Meanwhile we have Stephen (Jackson Rathbone, who to me looks like a shaggy young Johnny Depp here but you'd probably know him better as Jasper in the Twilight saga) who is doing a 'Fear Study' as a project. He wants to know what scares people. He also suffered a loss - his brother died in an auto accident while drunk and Stephen feels guilty, wondering if he should have driven, maybe his brother would have lived. 

His friend Cheryl had been sexually molested by her pig father who worked in a meat packing plant. She cannot even stand the smell of meat much less eat it. I feel the same way about liver and smelt and rabbit and... ahem. Anyway, it seems that these three should be their own project as they're more damaged than the students they're interviewing. But they need the grade.

Quaid however doesn't give a damn about the grade, he wants to know what other people will do with the situations they most fear. He wants more than people being afraid of something, he wants their dread, their utmost and total pants-wetting type of situations. Stephen thinks the study is done but Quaid is just getting started. Despite being an orphan he not only has money for college but a house too. I sometimes wonder about these kind of setups.

Of course since they had to expand this to a movie, there are changes - people have been added to the mix like one student who had been rendered deaf in an accident when he was five and stayed that way for months. In the book, that also is Stephen but here it's a student named Joshua. Also added is a friend of Stephen, Abby, who has a port wine stain birthmark from head to foot on one side. Needless to say these character all have fear but they're not 'giving up' the dread that Quaid is looking for, to, I guess, conquer his own about the killer of his parents, who was never caught, coming back for him.

He does a halfway decent job of keeping the insanity in check - until the night he decides to dump all his medications. From then the nightmares, the hallucinations, the fear rip into him until he is massively insane. And I guess he wants to spread the joy. First he tires of hearing what he feels are fake fears (one even did fake hers) and it sends him into a rage and he busts up all of their recording equipment, essentially ruining the project. From there it's about to get much, much worse.

At first Quaid seems sorry, he even takes a backup copy of the thesis they'd been working on and turned it in, getting him, Stephen and Cheryl a good grade. Stephen mistakenly thinks that Quaid is sincere and realizes his own fears had made him mental. Nope. He had painted a full length nude of Abby as 'normal' (her words), then puts up a tape on the school TV system of the painting as he strokes dark marks down one side, as her body really is. He then tricks Joshua to come over to his house, knocks him out and when he comes to, shoots his ears (Which apparently is enough to deafen him but not kill him? This part kind of was confusing.). This regresses him to when he was deaf as a child and he screams for his mother.

Meanwhile Abby goes nuts and takes bleach and steel wool to the bathtub, trying to 'scrub' the skin to make it normal - which puts her in the hospital. Which is also where Joshua ends up. After finding them, Stephen decides to end it for good - he knows Quaid's fear and uses it. He takes an ax and drags it slowly up to where Stephen's bedroom is (that's the sound he heard as he watched his parents being slaughtered). But Quaid overcomes his dread (too insane I guess) and captures Stephen. Stephen now gets to see Quaid's little 'experiment' with Stephen's girlfriend Cheryl.
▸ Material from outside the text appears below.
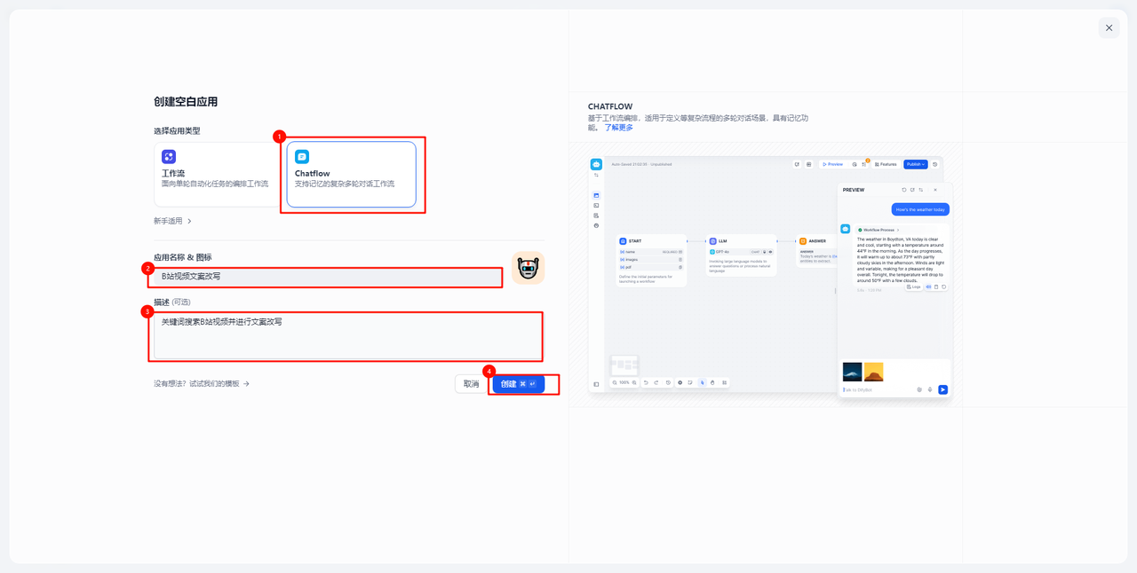应用类型就选择Chatflow,然后依次填入应用名称和描述,点击一下创建

He kidnaps Cheryl and puts her in a blocked up room. There's nothing in there but a bucket (yup, that's the toilet), some water and a plate with a cooked steak on it. Cheryl in her terror has backed into the corner as far away from the meat as she can get. As the hours go by she slowly goes mad, alternately talking to herself and scraping her skin and hair for invisible bugs. She resists going near the meat for almost a week. Finally, although by now it is crawling with maggots she eats the whole thing.

This is where the book and the movie split quite widely. In the movie they needed a quick ending so we've got Joshua sneaking into the house - he grabs the ax but instead of killing Quaid, he hits Stephen and kills him. Quaid then kills Joshua. He then drags Stephen down to where he's been keeping Cheryl (he lied when he said he let her go) and leaves the body in the room with a knife saying 'Let's see how hungry you have to be to get through that.' He leaves her sobbing, since she knows that inevitably, she WILL eat him.
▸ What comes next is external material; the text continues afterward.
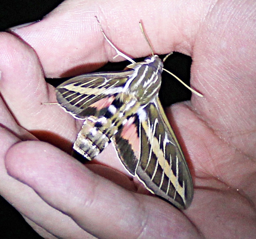 The moth seemed to feel secure in the palm of Ethan’s hand and began to quiver. In just a couple of minutes it spread its wings and took off. Interestingly, it hovered around our ultraviolet light for only a short time before flying away. Other sphinx moth visitors came and went. Meanwhile dozens of tiny moths remained enthralled by our UV light. The big guys, however, sized up our outpost quickly and departed. They weren’t about to waste precious body heat hovering around a nectarless lightbulb. They had things to do and places to go – while their temperature gauges registered 96 degrees.

The book was much more elegant but perhaps a little too complicated to convert to a screenplay. Basically since this is mostly about Stephen and Quaid, the two of them fight and Quaid, by exposing and overloading Stephen with his fears manages to reduce him to a quivering, insane child. But Stephen, finding the ax finally gives Quaid his due. The end of the story has Stephen slowly chopping pieces off of Quaid, who now knows his worst fear is going to last quite a while before darkness comes...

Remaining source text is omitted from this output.